Member of the Constituent Assembly
- In office 2017–2020

Member of the National Assembly
- In office August 2000 – 5 January 2011

Member of the Constituent Assembly
- In office 1999–2000

Personal details
- Born: Noelí Pocaterra Hernández 18 September 1936 (age 89) Zulia, Venezuela
- Party: United Socialist
- Education: Central University of Venezuela
- Occupation: Activist, politician

= Noelí Pocaterra =

Wayúu Venezuelan politician (born 1936)

Noelí Pocaterra Hernández (born 18 September 1936) is a Wayúu Venezuelan PSUV politician and indigenous rights activist, member of the National Assembly and member of the constituent assemblies of 1999 and 2017.

==Career==
Noelí Pocaterra was born on 18 September 1936 in a Wayúu community in Zulia state.

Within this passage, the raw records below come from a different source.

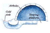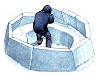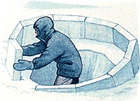 建造雪屋,除了長刀一把,不需要任何工具。最適合于建筑雪屋的積雪,是那些經(jīng)過暴風(fēng)雪吹打而變得很密實的雪。用切西瓜那樣的長刀,把積雪切成一塊一塊較大的雪磚,使雪磚互相挨緊,磚縫之間抹上一層碎雪作為灰漿。
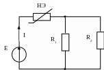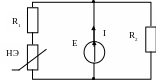 R1=R2=0,1 кОм, I=1мА; ВАХ НЭ известна; Определить значение Е. |
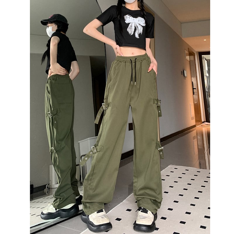 【MGJMシリーズ】★カジュアルパンツ★ 2color ボトムス ブラック グリーン 男女兼用 メンズ レトロ
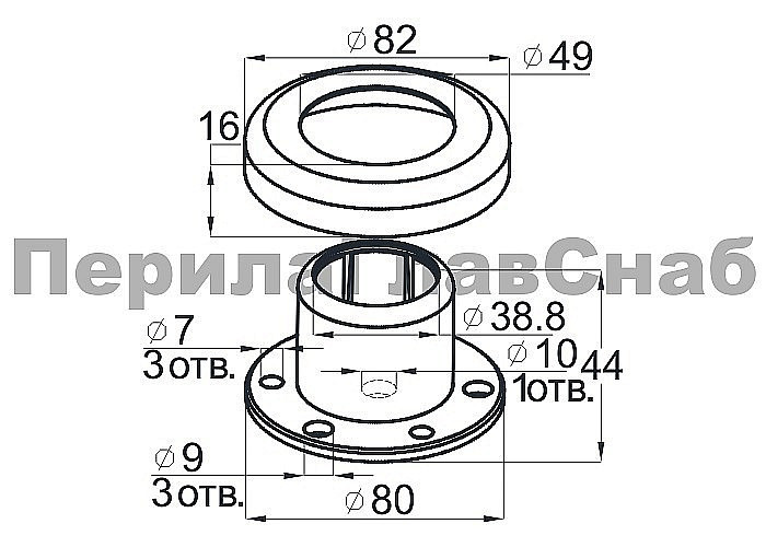 Цанга для крепления стоек из трубы Ø38.1 мм (k854-88). Крепится на 3 анкера М8 или на один по центру для надежной установки на деревянную ступень, плитку, бетон. В комплект входят две декоративные крышки.
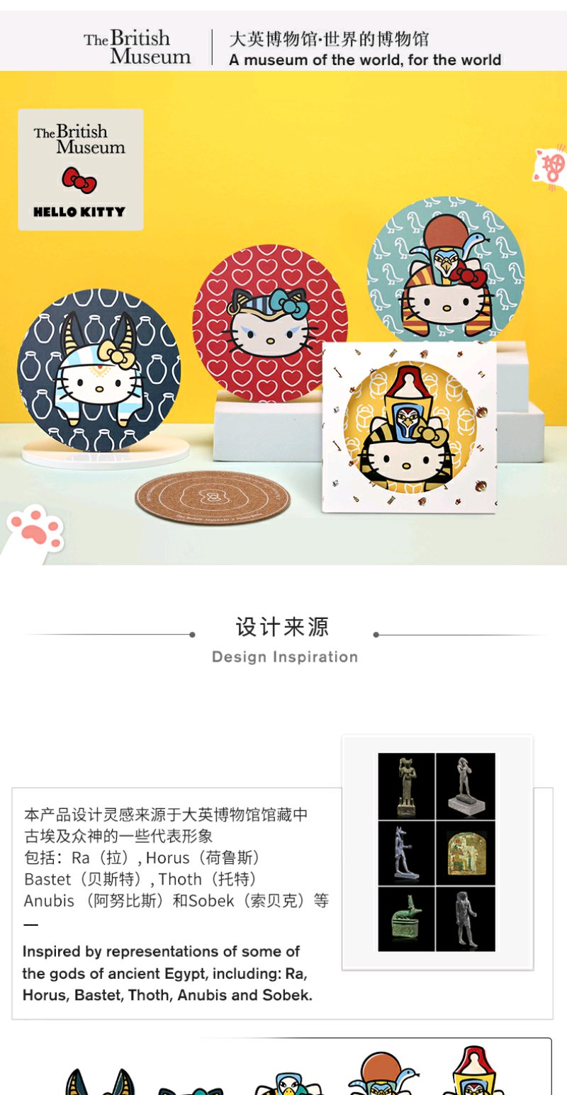 创意卡通杯垫 大英博物馆官方 X HELLO KITTY联名款杯垫软木茶杯垫隔热2件套
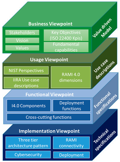The output of the usage viewpoint is a definition of the different parties, roles, and activities (tasks and workflows) in the system and the corresponding mapping between tasks and functional and implementation components. In combination with NIST perspectives and RAMI 4.0 dimensions, these components are, in turn, mapped to the corresponding RAMI 4.0 layers, product lifecycle phases, and hierarchy levels.

Her father, who was not indigenous, had to go into exile for ten years during the presidency of Marcos Pérez Jiménez and was imprisoned for forty-eight days in Bogotá on charges of conspiracy. As a child, Pocaterra and her brothers met Venezuelan president Rómulo Gallegos. She studied social work at the Central University of Venezuela when it was a technical school.

In 1979, Pocaterra presided over Venezuela's first national indigenous congress. She was one of few indigenous leaders appointed by President Hugo Chávez for the 1999 Constituent National Assembly, after being elected by the National Assembly of Indigenous Peoples. Pocaterra was also member of 2017 Constituent National Assembly, and of the Amazonian Parliament and the Indigenous Parliament of America.

Amid the Guyana-Venezuela crisis, in 2023 Pocaterra proposed incorporating recognition of the indigenous peoples of Guyana into the Organic Law for the Defense of Guyana Esequiba.